Alright, I need a count of people that maybe intrested in turbo manifold or complete system. Because I went to Xtech engineering so that they could fabricate some of my turbo things. I got to talking to them and the guy I talked to wanted to know the demand on a turbo kit for this car. So if I could get response maybe they might produce some. Thanx for your help.


----------



## tcn311 (Jul 17, 2002)

im down


----------



## 98 nizmo200sx se (Apr 10, 2003)

me too


----------



## CHI-B14SENTRA (May 1, 2002)

98 nizmo200sx se said:


> *me too *


----------



## kbrassfi (Aug 1, 2002)

depends on the price, but I'm definitely interested in at least the manifold


----------



## Blu200SX (Jul 22, 2002)

they are really gonna have to go out of their way to give us numbers, be test proven and etc., I am more for hotshot right now because its proven and its a great manufacturer for parts for our cars and the dyno numbers are right in front of us. You really cant just say, hey im just gonna start building a kit for a GA16 and sell it.


----------



## sliverstar (Feb 20, 2003)

I am not this is a newer company and they make eclipse turbo's but were wondering about my car and the demand so I said i would ask to get a response. They do chassis dyno tuning to test different set up? I was just asking who would be interest not tring to sell a product.


----------



## danifilth (May 14, 2003)

Hey I am ready for anything that fits my Ga16de the hotshot kit will fit but I need to fabricate an intercooler tube.Itll be about a year until I purchase it though.

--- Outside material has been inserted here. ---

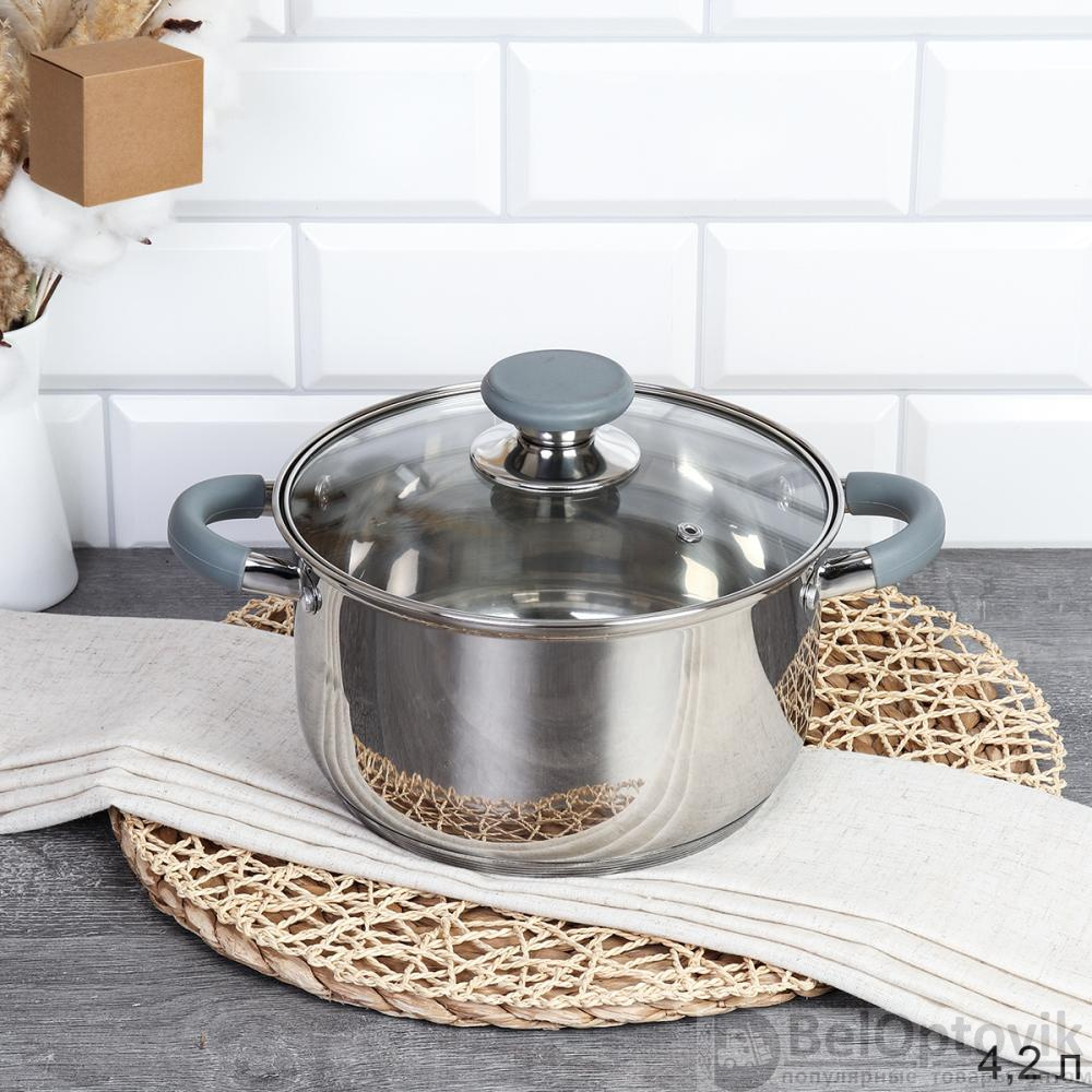 Кастрюля 4,2 л Элиос / LB-S-1106-8B-4,2 /уп 1/ индукция/ ручки с силиконом/ Гофрокороб/ KISIGA

But if these guys you speak of make a better kit thats fits great and I could install myself I would be more than obliged to purchase it regardless of price.Maybe you should move this thread to the Ga16De forum under the Sentra,NX models you would get a helluva response Im sure.PM me with the word these guys give you.I am definetly interested in getting power any way possible


----------



## 200SXSE (Jun 22, 2002)

If the company can make a kit on par with Hotshot for a competitive price, Im sure there will be a lot of people interested.


----------



## UnderDog (Jul 14, 2002)

And in the grand nature of capitalism if someone can make a kit that competes with hotshot it would bring the price of the hotshot kit down a bit. 3.7 G's is a pretty hefty price, I don't care how good it is.


----------



## javierb14 (Jul 9, 2002)

for 3.7 G's u get a lot. HS's manifold for instance has :CNC'd machined flanges, stainless steel, mandrel bends, and TIG welding (these are things u should look for in a turbo manis).....not to mention the R&D behind the kit. im not saying they cant do work that's just as nice, its just not that easy.


----------



## go4broke44 (Jan 14, 2003)

yeah but poor broke people like me who want a fast car cant afford 3.7g's when they still owe 2 g's on the car


----------



## scrappy (Jun 30, 2002)

im in


----------



## holy200sx (Jan 8, 2003)

tcn311 said:


> *im down *


----------



## LIUSPEED (May 29, 2002)

you got my attention..

see if they will make low compression pistons for us as well. .maybe give us a better chance of a lil higher boost.


----------



## Blu200SX (Jul 22, 2002)

are there any lower compression pistons on the market for our rides?


----------



## turbotommy (May 28, 2003)

i have the same question


----------



## sliverstar (Feb 20, 2003)

Try motivational engineering I don't know if they gave that idea up though umm.. and please try to keep just to the turbo kit thanx


----------



## ReVerm (Jan 13, 2003)

Put me in too.


----------



## PatScottAKA99XE (Apr 30, 2002)

Ill bite.


----------



## dfalcon02 (Apr 9, 2003)

i'm interested too. Hotshot needs some kind of competition to bring the price down. I hope this company can make a dependable turbo...


----------



## sliverstar (Feb 20, 2003)

I hope that I get more response to this and they are helping me turbocharge my 1.6 which is hopefully done soon.


----------



## holy200sx (Jan 8, 2003)

dfalcon02 said:


> *i'm interested too. Hotshot needs some kind of competition to bring the price down. I hope this company can make a dependable turbo... *


Kit, meaning, cast iron manifold, and garrett turbo, nice FMIC, and piping, bOV and wastegate.. oil and water lines, and fittings, and oil pan bung.. 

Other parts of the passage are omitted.